From 2013 onwards. Ireland paid more to the EU than they received, but that ignores they paid nothing to the EU from 1973 to 2013, a period of 40 years.
"The money received was spent on infrastructure and other pillars of economjc growth. By 2020 exports to the EU amounted to a value of approximately €30billion to the Irish economy."
So, like Poland, Ireland was able to grow by using money they had been given by others...
Yes, this is the basic premise of the EEC and the EU - that money generated by others will enable poorer regions to develop - and in time become net contributors when their economies develop...
...as opposed to their own efforts and skills to generate the money in the first place. Spending money provided by others is easy
Your basic problem here is that you don't understand where money on an investment scale in general comes from, what that money is for/ how it can be put to work, and why it was a fundamental function of the EEC and subsequently the EU to spread the wealth of more prosperous members to the poorer regions. There's a very strange and inexplicable adherence to the "I'm alright Jack" school of anti-economic thought evident in your sniping.
The fact that all the constituent parts of the global economy benefit when as many markets as possible are available for manufactured goods, foods, and financial services seems to have gone completely over your head. Everyone benefits when prosperity is spread around. This is economics 101.
You also sound as if you neither know nor understand anything of the way funds are allocated to different countries under various EU programmes. Do you imagine a case of blank cheques written willy-nilly?
Ireland signed up to a common enterprise from which she has benefited greatly, and is now paying to haul others up from their own circumstances born of oppression - a clearcut case of naked self interest, actually, having seen what goes around come around from 1973 on. It's a pity for the UK that that particular observation was never made and instead, in 2016, classic, shortsighted, short termism reigned, even though there was a time when the UK pushed hard for the absorption of poorer and underdeveloped former Eastern Bloc states who would be net recipients of EU funds - like Poland - into the EU.

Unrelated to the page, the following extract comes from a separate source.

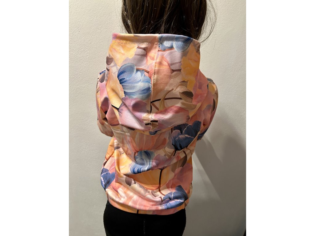 Mikina s překříženou kapucí přes hlavu. Délka do pasu, kde je ukončena všitou gumou.
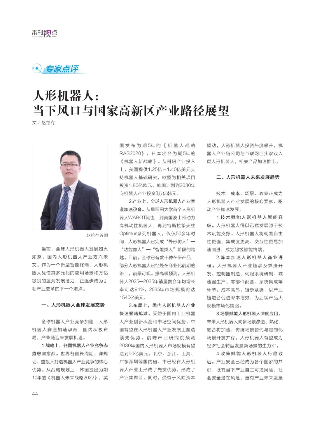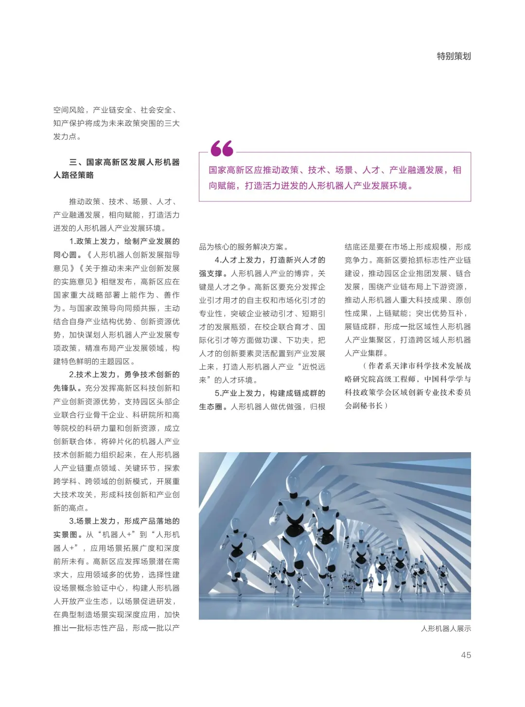 4.人才上发力,打造新兴人才的强支撑。人形机器人产业的博弈,关键是人才之争。高新区要充分发挥企业引才用才的自主权和市场化引才的专业性,突破企业被动引才、短期引才的发展瓶颈,在校企联合育才、国际化引才等方面做功课、下功夫,把人才的创新要素灵活配置到产业发展上来,打造人形机器人产业“近悦远来”的人才环境。

How did Ireland manage to become a net contributor? By availing of various EEC / EU funds and targeting investment in telecommunications and transport infrastructure, in agriculture, in food / beverage processing and marketing, and above all in education - primary, secondary, and third level, with the development of the Institutes of Technology in particular facilitating the emergence of graduates equipped for employment and leadership in pharmaceuticals, aerospace engineering, IT, software, etc. In other words, strategically, wisely, and with the wellbeing of Irish society at large foremost in mind. In turn, Ireland's foreign aid budget has grown from £2.5million in 1974 to €776.5million in 2023, in hopes that the rising tide can raise as many boats as possible.
https://royalsociety.org/~/media/policy/Publications/2017/2017-05-technopolis-role-of-EU-funding-report.PDF
Are you as miffed as you should be that this funding is no longer available to British research? Research is a driver of economic progress after all.